En effet, contrairement à la traite négrière qui était en grande partie sous l’autorité de l’Etat, ce commerce nouveau permet à tout le monde, roturiers ou princes de transporter sa production jusque sur les côtes et d’en tirer un juste profit. Cela a permis la création de nouveaux regroupements humains, unis non pas au nom d’une allégeance à un prince, mais pour des intérêts strictement économiques. Ces villages riches et en mouvement devenaient incontrôlables. Les princes se sont révélés plus pauvres que certains bourgeois de leur contrées, et l’accroissement des impôts pouvait pousser le commerçant à choisir de les payer directement au roi et de demander la tête du gouverneur gourmant et sans doute fainéant. C’est la grande époque de la naissance du Kongo commerçant, et de la propagation du munsambu, poisson salé séché, car il permettait d’avoir des vivres conservables longtemps, durant les voyages du commerçant. La ville la plus plus puissante de ce renouveau commercial de la seconde moitié du XIXème était Makuta. Fondée vers 1855 par un riche commerçant du nom de Kuvo qui a fait fortune dans l’esclavage et la vente des étoffes européennes, elle prit une nouvelle dimension lorsque ce dernier s’associa à un autre grand du nom du commerce, Garcia Buaka Matu, qui lui était issu du nouveau négoce agricole qui proliférait. Ils créèrent un marché privé, dans leur village privé, avec leurs artisans privés, et on leur payait des taxes privées, à un carrefour devenu privé et stratégique! Il en a suffit de quelques années pour que Buaka Matu fasse vasciller le pouvoir du roi et menace même les portugais de se payer une armée entière pour les combattre, s’ils l’emmerdaient encore avec leurs histoires d’impôt. Il mourut en 1880 et Makuta (qui signifie « les fanfarons ») devint un marché et un village ordinaire. Nous ignorons si on s’en inspira pour nommer les subdivisions d’une monnaie au Congo Kinshasa.

 

Changement social également car c’est à cette époque que naissent les makanda traductible par « clan », qui regroupent des familles prétendant descendre d’un ancêtre commun, reconnu par les « mivila », le lignage. Ce sont des imitations par les gens du peuple de la structure familiale jusque là réservée aux nobles. Ces Makanda se présentent comme autant de réseaux commerciaux et solidaires reliant des gens par pure affinité en y ajoutant un fondement lignager totalement fictif. Selon des témoins des faits, à une époque ou nait l’anthropologie, ces clans suivent des tracés de routes commerciales: de Soyo à San Salvador, de Boma à Loutété, de Ndongo à Kimpumbu (actuel Kinshasa). Dans cette société désormais en mouvement, les « mvila », au delà de la solidarité, ont servi aussi à planter des attaches et à indiquer des sources sur l’individu. Comme autant de noms de famille, d’appartenance à une commune d’origine et de rattachement, ils ont précédé le principe de la fiche d’identité. Et jusqu’à ce jour, les kongo se définissent selon l’appartenance à ces lignages qui n’ont plus leur fonction.

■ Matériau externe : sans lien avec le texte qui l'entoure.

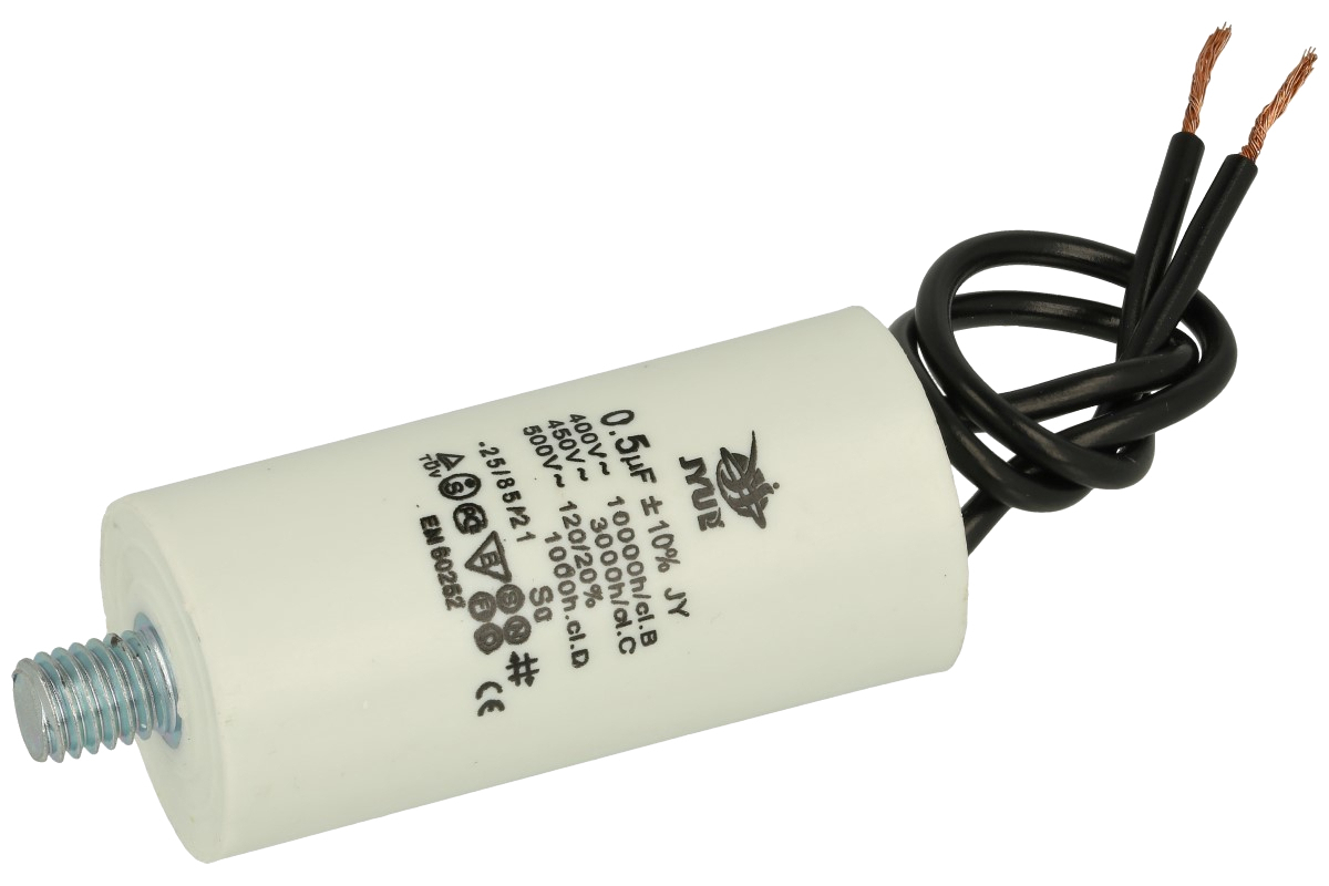 | Capacitor; motor; MKSP; 0,5uF; 450V AC; fi 26x55mm; with cables; screw with a nut; JYC; RoHS | |||||||||||||||

A la même époque, une nouvelle tradition orale à propos de la fondation du royaume (souvent attribuée à Afonso Ier d’ailleurs), voit le jour au sein des masses populaires. Elle décrit comment ce roi obligea les fondateurs de chaque clan à se disperser dans les 4 coins du royaume, chacun avec sa mission. Aujourd’hui, ces légendes mythologiques racontant souvent les épopées de ses chefs fondateurs, mythiques ont remplacé dans la conscience collective l’histoire réelle du royaume telle que rédigée depuis 5 siècles. Hélas!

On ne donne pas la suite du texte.